Harrogate Herald - 31st January 1917

Private J W Dixon, in a letter from the Front, says :

Just a few lines to you all, hoping you are in the best of health as it leaves m at present. We are having some bad weather out here. We cannot but safety razors, so if you cane let me have one I shall be very pleased to receive it. All the boys I see every day are looking well. Kindly give my best respects to Mr Breare.
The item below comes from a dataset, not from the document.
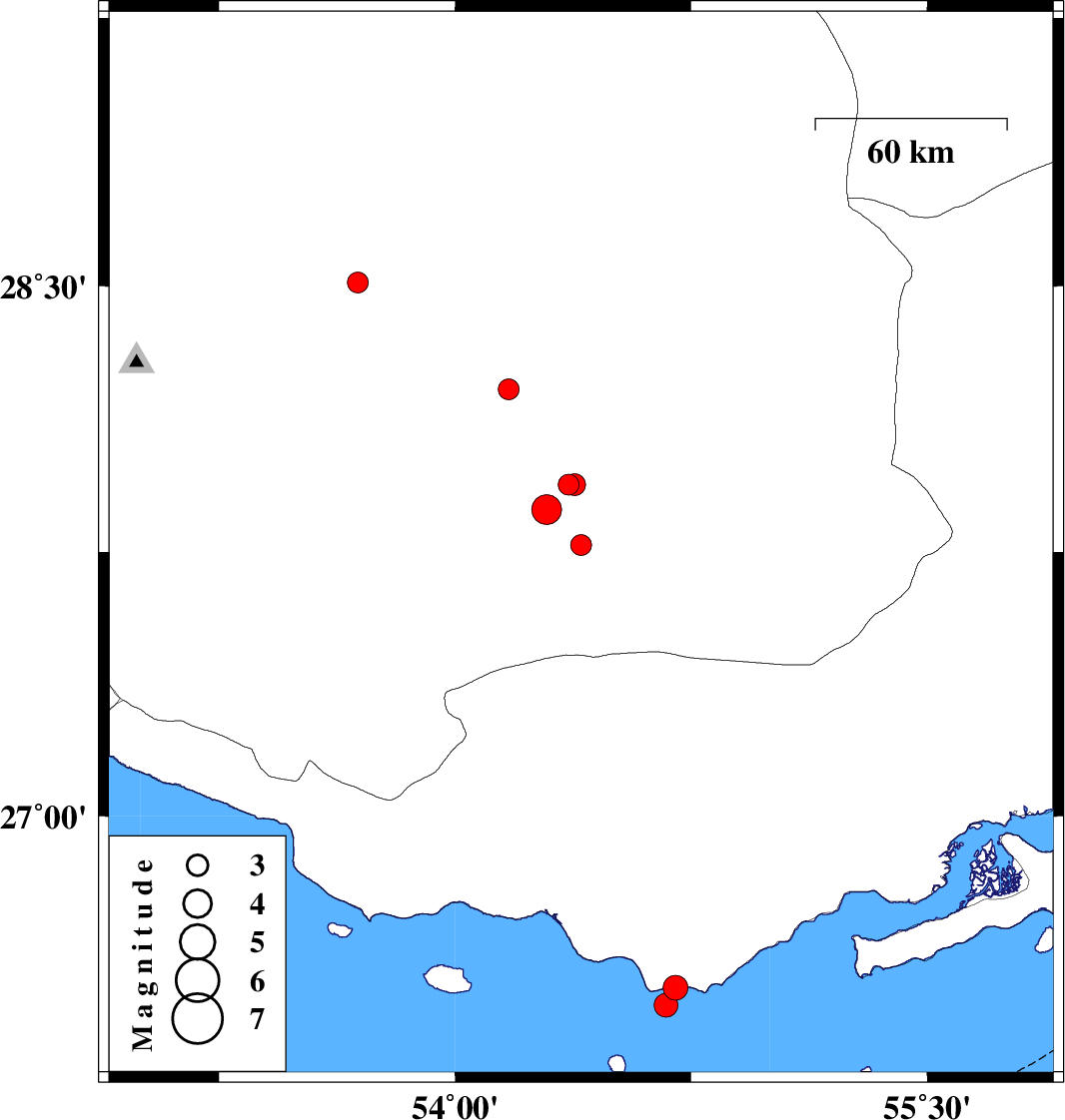 | 2010/06/21 | 22:31:16.3 | 03:01:16.3 | 27.77 | 54.4 | 46 | ML3 | Fars Province, 12 km Lar | ||

Harrogate Herald - 16th May 1917

W H Breare letter

You Harrogate lads, when at home, have doubtless noticed the flower sellers at the Sulphur Well and in James Street. You will probably know by sight Patsy Donovan's wife, who carried on quite a business in this line. You will also have seen a man assisting her. His name was J W Dixon. He enlisted in July, 1915. well, he is now a soldier, and has been attacked in the Front by trench feet. At first in hospital in France, he was next transferred to London. He arrived home on Wednesday at 3 o'clock, and immediately came to see me. He still has a bit of a limp, and doesn't look so very strong. Moreover, he is 46 years of age, so I should imagine that he is likely to be given a lighter job, possibly at home. With him out in France was Sergeant-Major Horner, Sergeant Cole, and Sergeant Jackson, all of whom he talked to me about. His leave is for ten days; after that he will probably have to report to his depot. I often wonder how these lads do who are discharged from hospital. You know, they get no pay whilst there; it is deferred, and they have to wait until it is sent to them. I questioned Dixon on this point, and found that he had not the ready cash. However, I was able to tide him over until he received his arrears of pay. Mind you, the man did not ask me for any assistance at all. I suspected how it would be, and drew the facts from him. Dixon is a single man and on his own resources. I hope he will soon get strong again, for, as you know, trench feet are troublesome things. It speaks well for him at this age he should have volunteered for service. I can assure you he had gone through a good deal, for I have seen the list of affairs that he has been in. I had forgotten that he had only just then come in by train, so when I asked him if Harrogate didn't look nice, he smiled and replied that he "hadn't seen much of it, so far". I hope he will see a good deal of it, and derive comfort and enjoyment from being at home, even for ten days.